A turning point for young neurons
During neural development, newborn neurons extend axons toward distant targets then form connections with other cells. This process depends on the growth cone, a dynamic structure at the growing axon tip of the neuron that detects attractive and repulsive guidance cues. Many axon guidance molecules have been identified, and their functions are well characterized, but exactly how they cause growth cone turning has been unclear.
Hiroyuki Kamiguchi of the RIKEN Brain Science Institute, Wako, and his colleagues have now shown that repulsive growth cone turning is driven by a process called endocytosis1, whereby portions of the growth cone’s membrane are removed and internalized.
Endocytosis occurs continuously in all neurons to remove receptors and other membrane proteins for recycling, and to take-up neurotransmitters after their release. It is mediated by a molecule called clathrin, which induces formation of spherical ‘pits’ in the membrane that are then pulled into the cell.
By tagging clathrin with a fluorescent marker and observing the cells under a microscope, Kamiguchi’s group visualized the formation and movements of pits in the growth cones of dorsal root ganglion cells from embryonic chicks. They observed pits appearing at the edges of the growth cones that then migrated towards the center. Pit migration was significantly slowed by blebbistatin, a small molecule that inhibits the motor protein myosin II, which moves a structure called the cytoskeleton towards the growth cone center, suggesting that pits are coupled with cytoskeletal flow.
The researchers then induced localized increases of calcium ion concentrations in the growth cones, mimicking their response to repulsive guidance cues. On the side where calcium was elevated, asymmetrical endocytosis resulted and turned the growth cones the other way.
When Kamiguchi and colleagues added compounds that inhibit endocytosis, however, they abolished repulsive turning in response to either increased calcium concentration or repulsive axon guidance molecules. In contrast, they showed that inducing asymmetric endocytosis in the absence of guidance cues and localized increases of calcium concentration was sufficient to cause growth cone turning.
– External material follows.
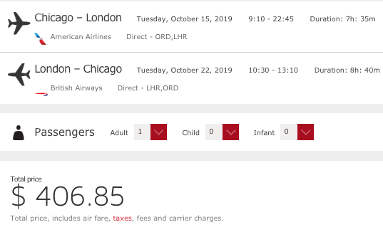 Chicago (ORD) to London (LHR) for $407 round-trip nonstop on American/British Airways via Iberia.com:

They also calculated that endocytosis removes at least 2% of the growth cone membrane every minute, corresponding to 72% of the total surface area during the entire course of turning.
“We now know that repulsive turning depends on asymmetric endocytosis of adhesion molecules from the growth cone surface,” says Kamiguchi, “but we think it also requires many other unidentified molecules to be internalized and recycled.” The team is conducting large-scale analyses to find them.
The corresponding author for this highlight is based at the Laboratory for Neuronal Growth Mechanisms, RIKEN Brain Science Institute
Journal information
1. Tojima, T., Itofusa, R. & Kamiguchi, H. Asymmetric clathrin-mediated endocytosis drives repulsive growth cone guidance. Neuron 66, 370–377 (2010).